▶ **Data for this task**:
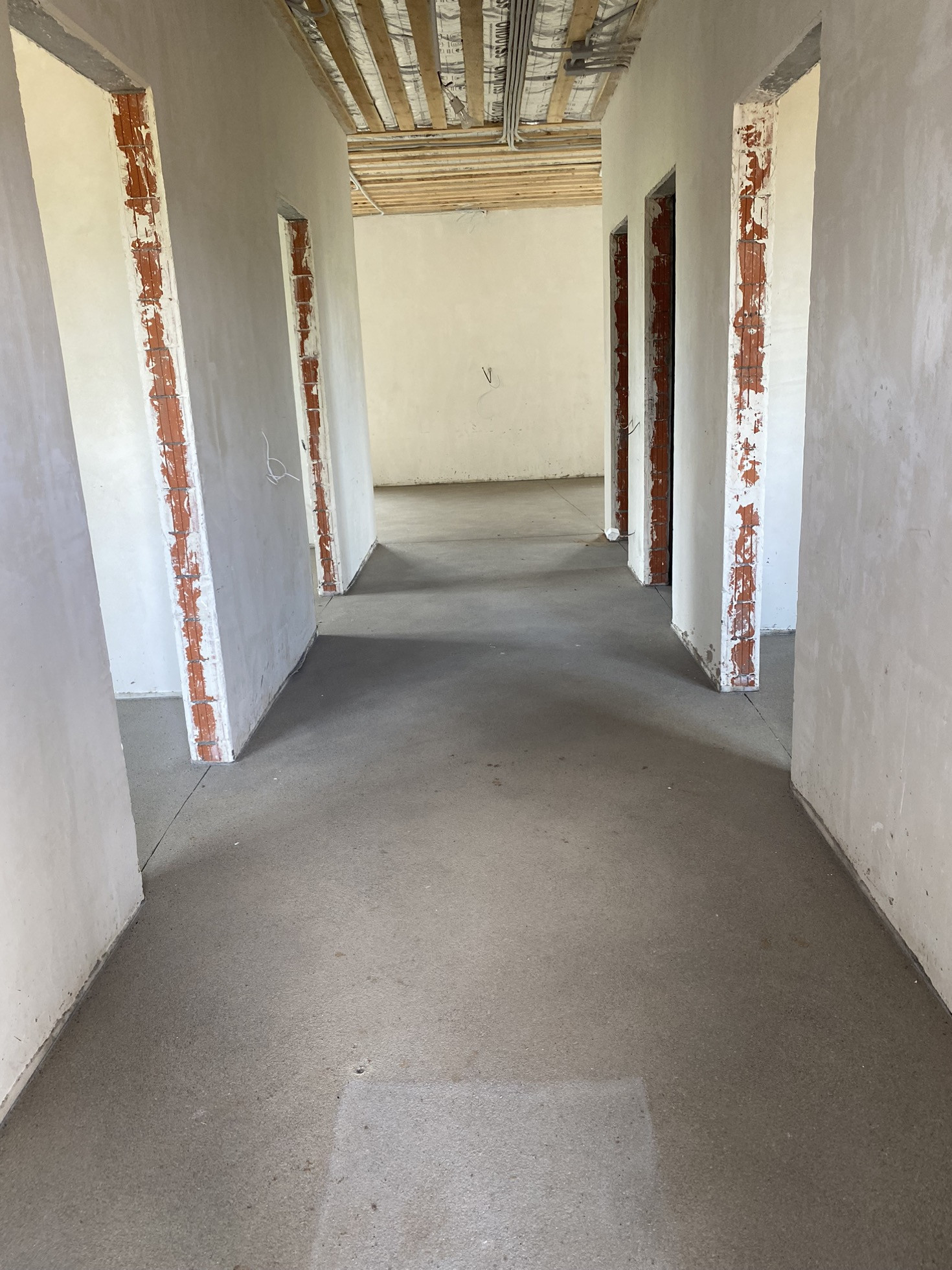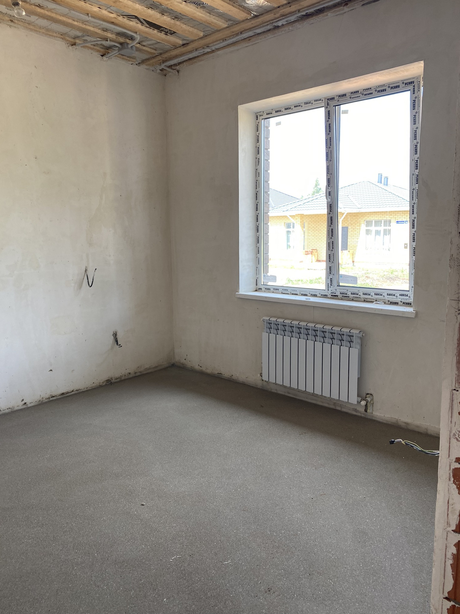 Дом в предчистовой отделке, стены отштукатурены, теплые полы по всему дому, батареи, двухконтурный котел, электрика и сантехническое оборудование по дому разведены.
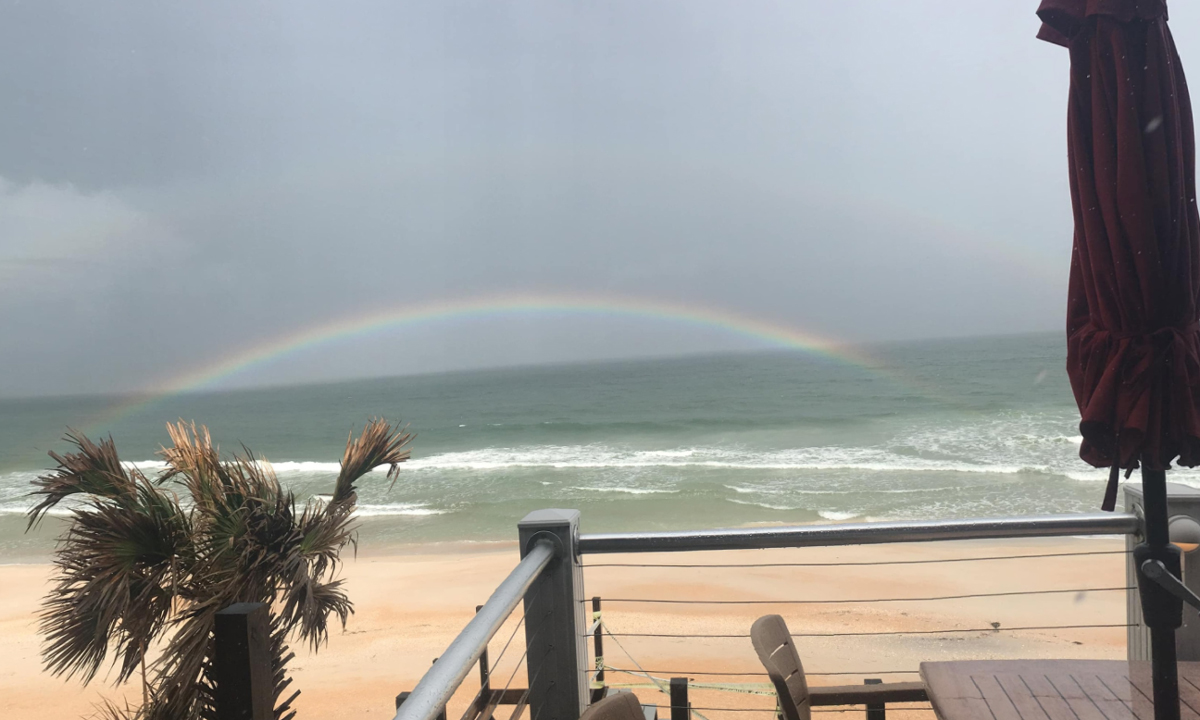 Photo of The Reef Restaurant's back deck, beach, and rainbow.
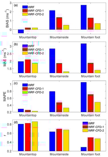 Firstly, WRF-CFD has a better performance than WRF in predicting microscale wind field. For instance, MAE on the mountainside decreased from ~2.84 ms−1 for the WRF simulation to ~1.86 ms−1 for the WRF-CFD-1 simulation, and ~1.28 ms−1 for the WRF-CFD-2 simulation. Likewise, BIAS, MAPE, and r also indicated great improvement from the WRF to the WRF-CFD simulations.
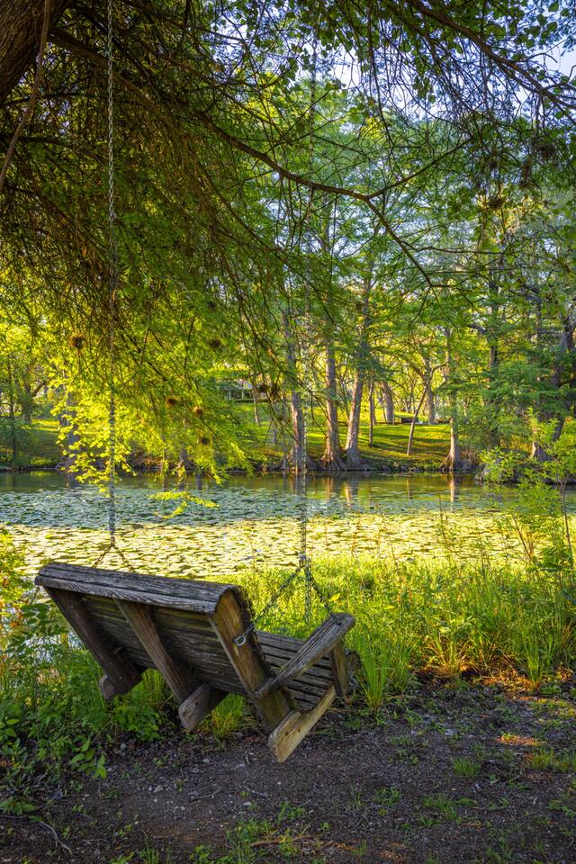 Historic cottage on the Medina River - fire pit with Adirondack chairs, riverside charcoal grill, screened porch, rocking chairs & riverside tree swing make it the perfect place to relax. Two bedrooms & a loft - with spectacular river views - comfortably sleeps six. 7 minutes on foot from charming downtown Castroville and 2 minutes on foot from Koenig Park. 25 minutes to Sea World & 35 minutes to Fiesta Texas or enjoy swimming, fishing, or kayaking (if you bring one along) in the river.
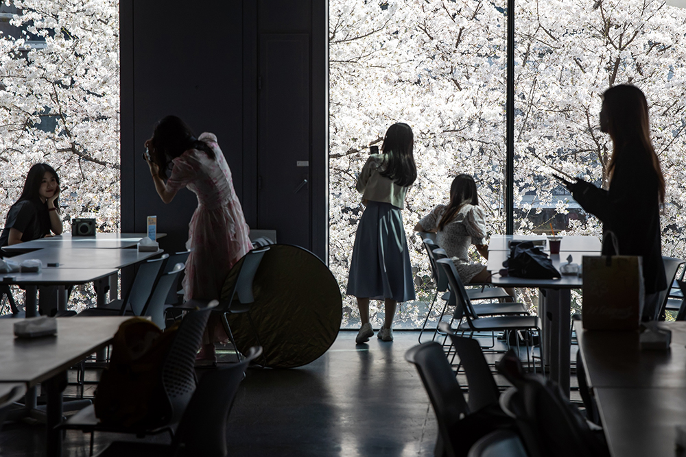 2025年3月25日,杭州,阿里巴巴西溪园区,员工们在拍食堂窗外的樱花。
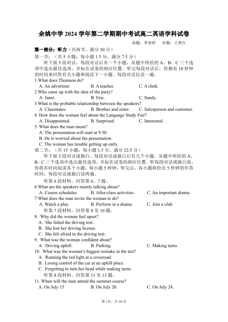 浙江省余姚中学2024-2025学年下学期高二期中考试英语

--

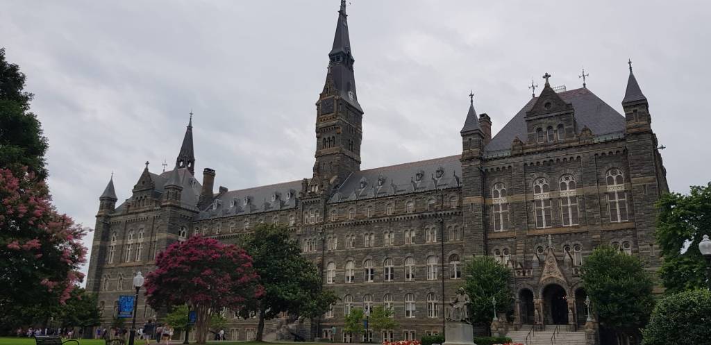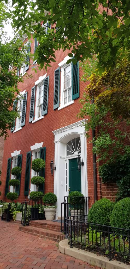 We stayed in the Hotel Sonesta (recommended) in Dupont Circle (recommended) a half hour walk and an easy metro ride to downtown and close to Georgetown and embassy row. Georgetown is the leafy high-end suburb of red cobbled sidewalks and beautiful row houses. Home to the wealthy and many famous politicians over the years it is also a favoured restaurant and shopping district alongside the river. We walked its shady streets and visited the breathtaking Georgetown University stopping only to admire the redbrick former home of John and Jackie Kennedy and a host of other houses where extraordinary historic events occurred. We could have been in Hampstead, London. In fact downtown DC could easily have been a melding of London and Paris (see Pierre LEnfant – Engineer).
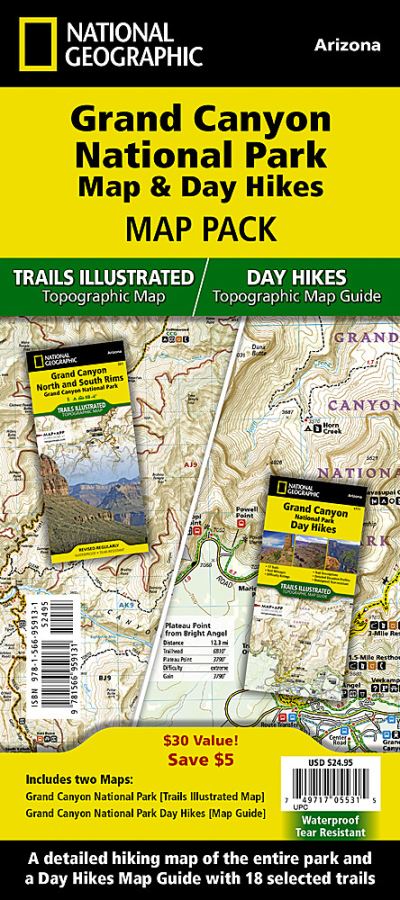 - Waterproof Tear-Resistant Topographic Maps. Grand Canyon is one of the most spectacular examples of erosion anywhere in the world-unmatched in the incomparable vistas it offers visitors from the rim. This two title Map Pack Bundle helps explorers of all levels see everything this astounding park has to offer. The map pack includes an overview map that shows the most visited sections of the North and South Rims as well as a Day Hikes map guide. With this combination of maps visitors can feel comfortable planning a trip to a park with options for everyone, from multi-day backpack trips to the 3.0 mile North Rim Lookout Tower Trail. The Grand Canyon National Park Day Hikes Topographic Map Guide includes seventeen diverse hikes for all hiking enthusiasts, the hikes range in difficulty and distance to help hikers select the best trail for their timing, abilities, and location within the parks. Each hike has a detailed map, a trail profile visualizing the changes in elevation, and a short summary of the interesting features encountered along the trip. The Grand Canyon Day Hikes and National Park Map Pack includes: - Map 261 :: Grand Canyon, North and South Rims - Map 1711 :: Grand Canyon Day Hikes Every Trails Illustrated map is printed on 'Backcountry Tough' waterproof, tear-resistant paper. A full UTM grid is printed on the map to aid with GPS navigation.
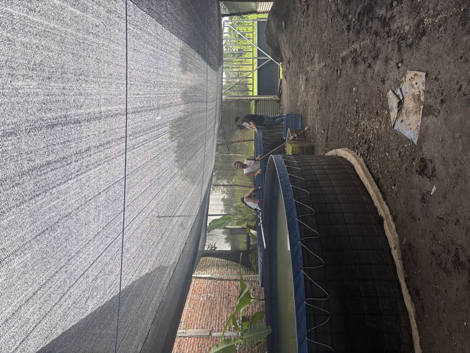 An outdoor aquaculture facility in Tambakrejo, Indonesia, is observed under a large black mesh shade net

==

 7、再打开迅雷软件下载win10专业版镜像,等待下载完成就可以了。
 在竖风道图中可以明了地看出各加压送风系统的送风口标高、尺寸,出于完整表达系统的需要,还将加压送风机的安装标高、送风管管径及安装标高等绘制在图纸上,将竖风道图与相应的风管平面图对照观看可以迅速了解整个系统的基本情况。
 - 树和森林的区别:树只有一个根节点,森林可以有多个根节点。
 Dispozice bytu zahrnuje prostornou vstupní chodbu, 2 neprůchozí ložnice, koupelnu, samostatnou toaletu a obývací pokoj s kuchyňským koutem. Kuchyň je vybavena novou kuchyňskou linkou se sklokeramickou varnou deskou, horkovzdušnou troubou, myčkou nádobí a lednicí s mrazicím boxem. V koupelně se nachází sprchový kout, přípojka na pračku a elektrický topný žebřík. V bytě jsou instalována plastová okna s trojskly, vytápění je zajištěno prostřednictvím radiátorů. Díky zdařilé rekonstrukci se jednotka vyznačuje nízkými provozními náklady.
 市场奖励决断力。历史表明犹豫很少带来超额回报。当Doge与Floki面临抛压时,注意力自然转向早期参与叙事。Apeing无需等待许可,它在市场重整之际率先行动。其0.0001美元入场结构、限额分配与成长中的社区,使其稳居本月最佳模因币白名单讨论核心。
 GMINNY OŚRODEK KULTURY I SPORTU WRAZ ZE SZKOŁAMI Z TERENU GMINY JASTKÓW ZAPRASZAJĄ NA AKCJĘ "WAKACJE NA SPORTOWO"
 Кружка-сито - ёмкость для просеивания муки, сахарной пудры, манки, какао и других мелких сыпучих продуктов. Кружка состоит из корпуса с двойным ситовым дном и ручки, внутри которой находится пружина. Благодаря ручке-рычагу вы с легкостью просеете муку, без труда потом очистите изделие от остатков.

▶ **Work request**: Output only the lines above from the one containing "2025年3月25日,杭州,阿里巴巴西溪园区,员工们在拍食堂窗外的樱花。" to the one containing "浙江省余姚中学2024-2025学年下学期高二期中考试英语", both included, exactly as written and with no pictures.

▶ **Task solution**:
 2025年3月25日,杭州,阿里巴巴西溪园区,员工们在拍食堂窗外的樱花。
 浙江省余姚中学2024-2025学年下学期高二期中考试英语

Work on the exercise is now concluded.